Былъ въ Пистойѣ, въ семьѣ Верджеллези, одинъ дворянинъ, но имени Франческо, человѣкъ очень богатый, разумный, во всемъ осмотрительный, но скупой выше всякой мѣры. Пришлось ему однажды ѣхать въ Миланъ для принятія должности подесты. Онъ досталъ все необходимое, чтобы торжественно явиться туда; не могъ лишь отыскать коня, какого слѣдовало. Не находя ничего по своему вкусу, онъ оставался въ раздумьѣ.

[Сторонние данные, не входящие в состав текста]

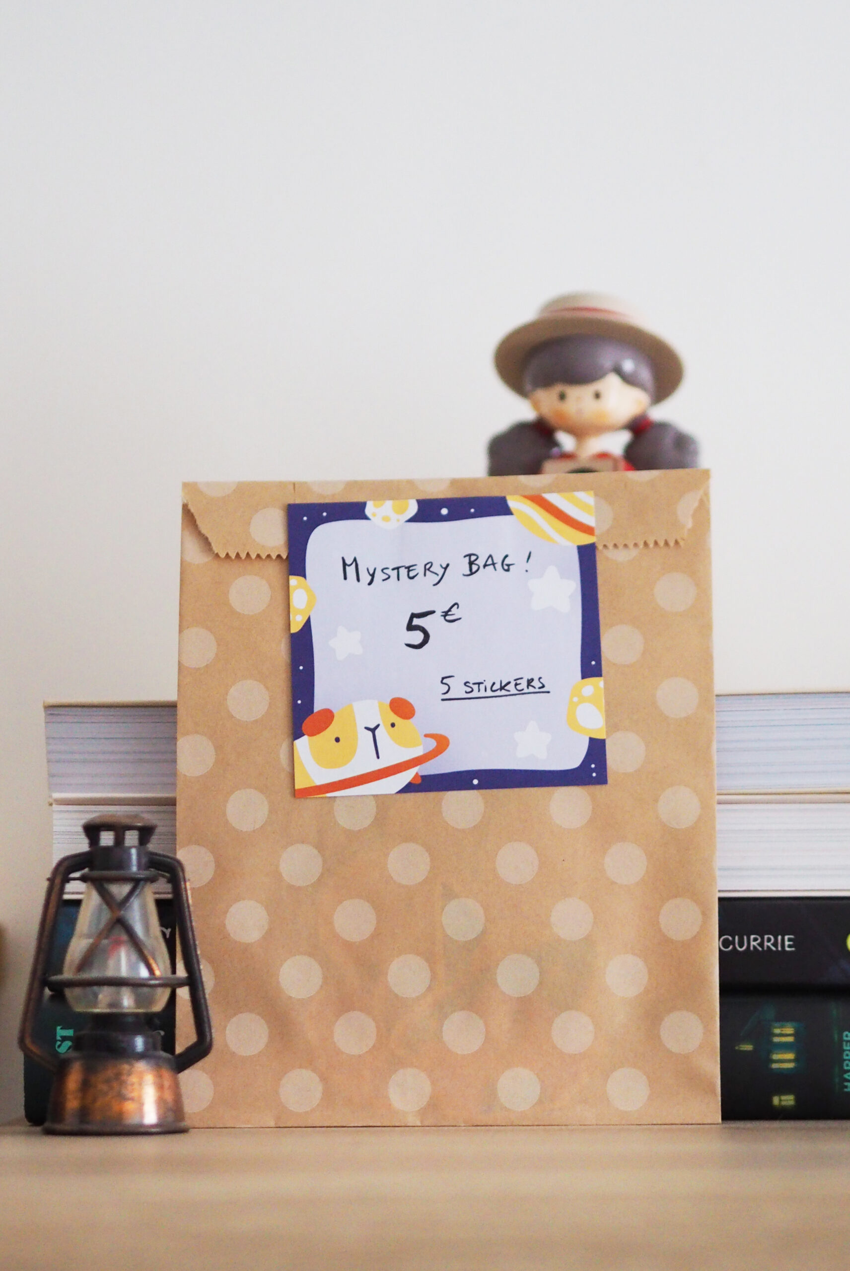 In this cute mystery bag, you’ll get 5 vinyl die cut stickers!

А въ то время жилъ въ Пистойѣ одинъ юноша, по имени Ричардо, изъ незнатнаго рода, но чрезвычайно богатый. Онъ всегда былъ такимъ выхоленнымъ и разодѣтымъ, что всѣ его прозвали Дзимой (щеголемъ). Давно любилъ онъ несчастной любовью супругу Франческо, которая была очень хороша собой и чрезвычайно добродѣтельна. Между прочимъ, онъ обладалъ однимъ изъ лучшихъ скакуновъ въ Тосканѣ, которымъ страшно дорожилъ за его красоту. Всѣмъ было извѣстно, что онъ вздыхаетъ по супругѣ Франческо; кто-то и надоумилъ послѣдняго, что пожелай онъ этого коня, такъ могъ бы пріобрѣсти, воспользовавшись любовью Дзима къ его женѣ. Франческо, поджигаемый скупостью, пригласилъ тогда Дзиму къ себѣ и обратился къ нему съ просьбою продать коня, питая надежду, что Дзима предложитъ ему лошадь въ подарокъ. Дзима, услыхавъ о томъ, усмѣхнулся и отвѣчалъ Франческо:
— Если бы вы мнѣ дали все, что только у васъ есть, и то не купили бы у меня коня; но въ подарокъ вы легко можете его получить: согласитесь только, чтобы я, прежде чѣмъ вы возьмете коня, могъ, съ вашего разрѣшенія и въ вашемъ присутствіи, сказать нѣсколько словъ вашей супругѣ; но въ такомъ отдаленіи отъ всѣхъ, чтобы никто не могъ меня слышать, кромѣ нея. — Франческо, поджигаемый скупостью и надѣясь, что ему удастся одурачить Дзиму, отвѣчалъ, что согласенъ: пусть сколько угодно словъ говоритъ. Самъ же, оставивъ его въ залѣ своего палаццо, пошелъ въ комнату жены и, сообщивъ ей, какъ легко онъ можетъ пріобрѣсти лошадь, приказалъ ей идти слушать Дзиму; но пусть она всячески остерегается хоть слово отвѣтить ему, что бы онъ ей ни твердилъ. Жена была очень недовольна такимъ порученіемъ, но, такъ какъ ей всетаки слѣдовало исполнить волю мужа, сказала, что сдѣлаетъ; затѣмъ направилась съ нимъ въ залу, послушать, что̀ Дзима будетъ говорить.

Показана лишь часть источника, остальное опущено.